Whether you’re black, white or polka dot, to take advantage of opportunities, you must be prepared. A large part of preparation is a decent K-12 education.

For children to do well in school, there are some minimum requirements. Someone must make them do their homework, see that they get a good night’s rest, prepare a breakfast and make sure they get to school on time and obey school authorities. This is not rocket science, but here’s my question: Can those requirements be met by a president, member of Congress or a mayor?

If those requirements aren’t met, there’s little hope a child will be academically prepared to take advantage of opportunities. Spending more money on education cannot replace poor parenting. If it could, black academic achievement would be much higher.

Many studies show children raised in stable two-parent households do far better than those raised in single-parent households. They are less likely to give birth out-of-wedlock, less likely to engage in criminal behavior and more likely to complete high school.

Historically, black families have been relatively stable. From 1880 to 1960, the proportion of black children raised in two-parent families held steady at around 70 percent; in 1925 Harlem, it was 85 percent. Today, only 38 percent of black children are raised in two-parent families. In 1940, black illegitimacy was 16 percent; today, it’s 70 percent.

Stable two-parent families are vital for a child’s development. Unstable families aren’t politically correctable by presidents, legislators and mayors.

In many black areas, businessmen must install bars and roll-down gates on their storefronts, hire security and pay high insurance rates. Security precautions add significantly to business costs. Who do you think pays these extra costs? The businessman pays through a lower return, and his customers pay via higher prices and less convenience.

A tiny percentage of the black community is allowed to impose high costs on its overwhelmingly law-abiding residents. Criminals, vandals and thugs have turned once viable shopping areas into economic wastelands. Ensuring public safety is a job for politicians, and they fail miserably.
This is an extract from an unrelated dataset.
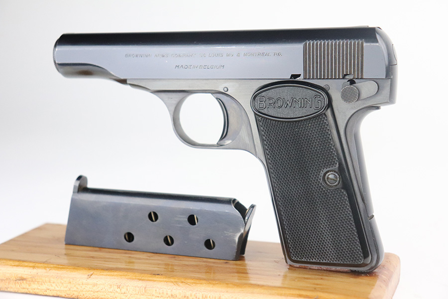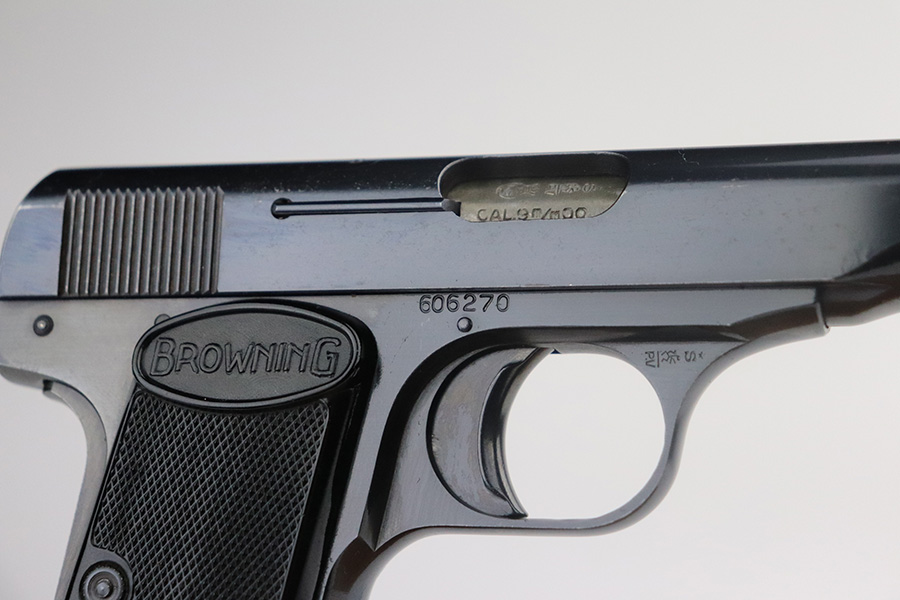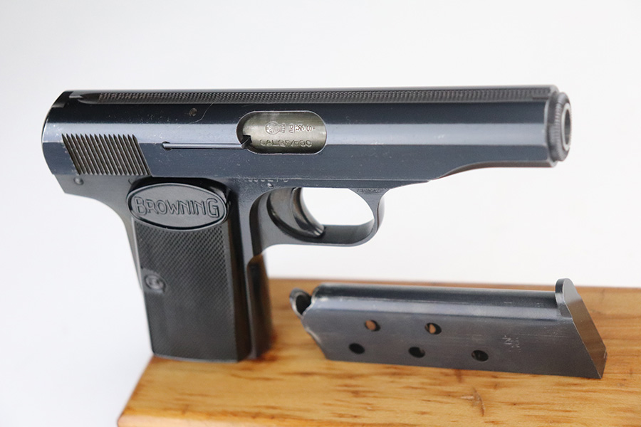 7/9/21 – This is a minty example of a Browning Model 1955, manufactured in 1968. This gun is essentially a remake of the model 1910. It is matching and has the proper Belgian proofs. Made in Belgium. Just a hint of high edge wear, and a single thin scratch along the top of the slide. Minty bore and grips. Just a fantastic example overall.

The police, courts and jails allow thugs to prey on the black community with near impunity.

Solutions to the most serious problems facing black Americans will not be found in the political arena. Otherwise, the problems would have been long solved with the civil rights legislation, litigation and the more than $8 trillion spent on poverty programs since 1965. Or the problems would have been solved by the two terms of Bill Clinton, whom some blacks called the first black president.

Perhaps the biggest roadblock to solutions is the widely held vision of the problem black people face, namely racial discrimination. That vision calls for civil rights strategies. Truth is, the black civil rights struggle is over and has been won. At one time, black Americans did not have the constitutional protections enjoyed by others. Today, there are no constitutional protections denied blacks.

That’s not to say every vestige of discrimination has been eliminated. But the devastating problems of a large proportion of the black community are not civil rights problems and won’t be solved in the political arena.

Walter E. Williams is a nationally syndicated columnist.